Ma la cosa che adoro di questo libro è l’estrema concretezza e fattibilità: spesso i manuali di questo tipo si perdono nella psicologia e nella filosofia, dimenticandosi di andare oltre l’astrazione e di fornire esempi e soluzioni concrete. Wabi sabi love, no – i consigli dell’autrice sono estremamente pratici e facilmente applicabili, e, ciò che più conta, efficaci. Da leggere.

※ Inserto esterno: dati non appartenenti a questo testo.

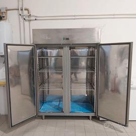 Frigorifero (da 0 a +10°C) inox a due ante, 1'400 litri (700 per lato) con griglie, come da foto. Buono stato e perfettamente funzionante. Dimensioni in centimetri 140x80x206

Quando vi scoprite a notare le crepe del vostro partner, chiudete gli occhi e immaginate di riempire quelle crepe con l’oro.

Kintsugi-bowl-wabi-sabi
Photo courtesy of David Pike

Il secondo libro di cui vi parlo è Wabi-sabi per artisti, designer, poeti e filosofi, libriccino di una settantina di pagine ma dal contenuto molto denso, ideale se volete approfondire il concetto di wabi-sabi (anche se non siete artisti, designer, poeti o filosofi).

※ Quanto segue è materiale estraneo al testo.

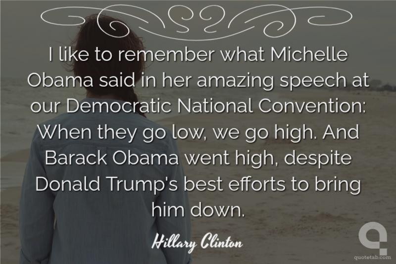I like to remember what Michelle Obama said in her amazing speech at our Democratic National Convention: When they go low, we go high. And Barack Obama went high, despite Donald Trump's best efforts to bring him down.

Sono molto affezionata a questo libretto per via del modo in cui è arrivato a me: qualche anno fa ho contattato un gentilissimo utente di aNobii che possedeva questo e un altro libro che mi intrigava molto, Sun Tzu e l’arte della seduzione, proponendogli uno scambio con due libri della mia libreria; lui è stato così gentile da inviarmi i due libri senza chiedere niente in cambio, e per di più ha aggiunto nel pacchetto due meravigliosi segnalibri scritti a mano (senza contare che anche la carta in cui li aveva avvolti era completamente scritta a mano, carta che ho strappato aprendo il pacchetto rendendola involontariamente una perfetta opera wabi-sabi). È stato uno dei rari atti di gentilezza totalmente disinteressata da parte di uno sconosciuto a cui abbia mai assistito ♥

Ritornando al libro – approfondisce molto bene la filosofia wabi-sabi, spiega accuratamente il contesto storico e culturale in cui si è sviluppato, fà un interessante parallelismo con il modernismo… ma è freddo. Accademicamente freddo. Non è ovviamente un difetto oggettivo, ma se come me avete bisogno di sentire un contatto emotivo con un libro e il suo autore per arrivare ad amarlo, vi lascerà con un pò di amaro in bocca. Se invece apprezzate l’approccio “scientifico”, questo è il libro che fa per voi.

Wabi-sabi significa muoversi leggeri per il mondo, imparando ad apprezzare qualsiasi cosa incontriamo, per quanto sia insignificante, in qualsiasi momento.

___________

Wabi sabi love – Come trovare equilibrio e bellezza nell’amore (im)perfetto, Arielle Ford, Leggereditore, 203 p.

Wabi-sabi per artisti, designer, poeti e filosofi, Leonard Koren, Ponte alle Grazie, 92 p.